FACT – Federated Aggregation and Clustering Toolkit

Federated Learning Framework

The quality of algorithms is predominantly related to the amount of data available. In recent years, the availability of data has increased rapidly. In particular, the Internet of Things (IoT) generates large amounts of data from millions of devices. This abundance of data makes it possible to train better and better machine learning models. In practice, however, making this data available to train a centralized model can be problematic due to regulatory restrictions or technical hurdles in transmitting large amounts of data over low bandwidths. One solution to these challenges is federated learning.

Federated Learning

Here, all training data is stored exclusively on local devices or clients and model training is decentralized. Clients receive a model and improve it by learning from their local data. A summary of a client's updated model is sent to a server via encrypted communication. There, it is merged with updates from other clients to form a common global model.

Federated Learning with FACT

The Federated Aggregation and Clustering Toolkit (FACT) framework provides basic federated learning functionality with the added flexibility of various aggregation and clustering algorithms. It thus enables rapid development of distributed learning systems. It is used to train machine learning models without the need to centralize or aggregate data.

FACT allows for easy implementation of federated learning and supports common machine learning frameworks such as Scikit-learn or Keras. It is also modular and extensible. It can be adapted for different use cases.

FACT uses Fed-DART, a distributed runtime environment we developed in »High Performance Computing« to allow easy switching between data science experiments or simulations and a scalable production environment.

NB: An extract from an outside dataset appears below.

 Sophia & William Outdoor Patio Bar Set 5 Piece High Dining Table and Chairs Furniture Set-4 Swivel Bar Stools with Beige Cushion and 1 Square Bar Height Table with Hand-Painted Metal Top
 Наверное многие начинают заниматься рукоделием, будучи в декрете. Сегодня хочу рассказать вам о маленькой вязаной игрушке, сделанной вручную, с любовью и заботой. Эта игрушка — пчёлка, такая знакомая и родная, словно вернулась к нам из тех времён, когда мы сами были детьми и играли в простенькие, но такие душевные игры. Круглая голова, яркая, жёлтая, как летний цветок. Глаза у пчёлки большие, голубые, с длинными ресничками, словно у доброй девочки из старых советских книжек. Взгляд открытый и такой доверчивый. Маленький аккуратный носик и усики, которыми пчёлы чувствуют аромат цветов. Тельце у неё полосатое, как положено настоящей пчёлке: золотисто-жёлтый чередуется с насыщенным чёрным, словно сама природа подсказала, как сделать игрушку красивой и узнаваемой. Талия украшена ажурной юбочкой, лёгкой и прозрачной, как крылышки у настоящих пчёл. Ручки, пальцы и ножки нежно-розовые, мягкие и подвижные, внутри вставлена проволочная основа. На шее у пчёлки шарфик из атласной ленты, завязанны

FACT differs from existing frameworks in that it offers several options for aggregation and clustering. Both are important components of distributed learning algorithms that have a large impact on final model performance. Different aggregation methods can be used to control the extent to which local updates affect the global model. This particularly benefits scenarios where client data is highly heterogeneous. In addition, a flexible choice of clustering method allows local models to be combined more intelligently, potentially resulting in multiple global models that are individually better suited to heterogeneous groups of customers.

Fact in Practice

Our current applications focus on so-called »Silo Learning«. This means that, in contrast to other well-known application areas such as Google search autocompletion, we do not learn on very many small devices. Instead, we have comparatively few data sources (clients), but each has a large amount of data. A concrete example can be the conspicuity detection for billing verification.

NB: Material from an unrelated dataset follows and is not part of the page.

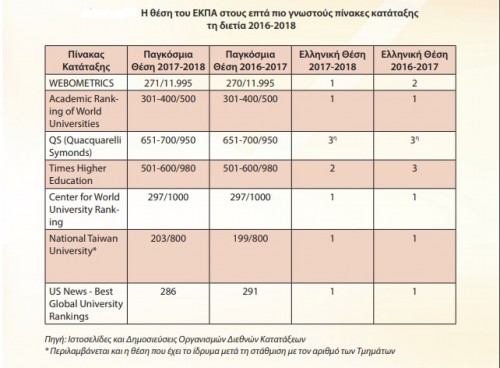 Ανάμεσα στα καλύτερα πανεπιστήμια του κόσμου βρίσκεται η θέση του Εθνικού και Καποδιστριακού Πανεπιστημίου Αθηνών, αφού στους τέσσερις από τους επτά πιο γνωστούς πίνακες κατάταξης, κατατάσσεται στα 300 καλύτερα πανεπιστήμια διεθνώς.

The starting point is several companies in the same industry that want to check invoices with the help of machine learning methods, as we frequently implement in our business area of Accouting Audit. A cooperation of the companies can bring advantages for all, since e.g. fraud patterns only become visible through cooperation. However, each company also wants to retain its own data sovereignty, and merging the settlements into one data pool is out of the question.

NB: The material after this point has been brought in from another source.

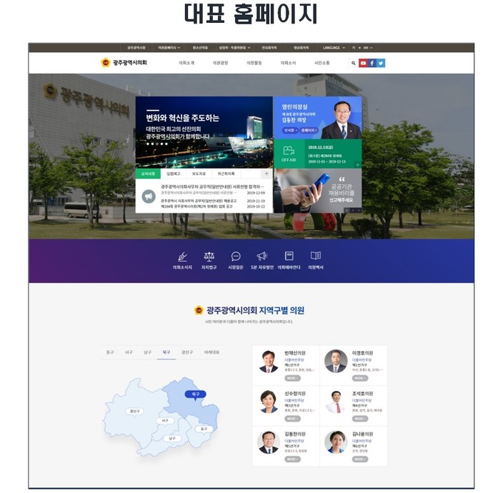 그리고 지역주민을 대표하는 지역구 의원들을 한눈에 쉽게 검색할 수 있도록 홈페이지 메인화면에 광주시 도시지도와 함께 지역구 의원들의 사진을 배치함으로써 의원들의 의정활동에 대한 시민 모니터링이 더욱 용이할 수 있도록 개선됐다.

Federated learning makes both possible. First, conspicuity detection models are trained locally at each individual company. Then, the learned models are aggregated centrally. The knowledge gained from the aggregation of the individual models is then fed back locally.

Federated Learning Scheme
Federated Learning Scheme

Example Project »Bauhaus Mobility Lab«

FACT is used in the Bauhaus Mobility Lab (BML). Here, the framework has already been integrated and applied in the project environment under realistic conditions.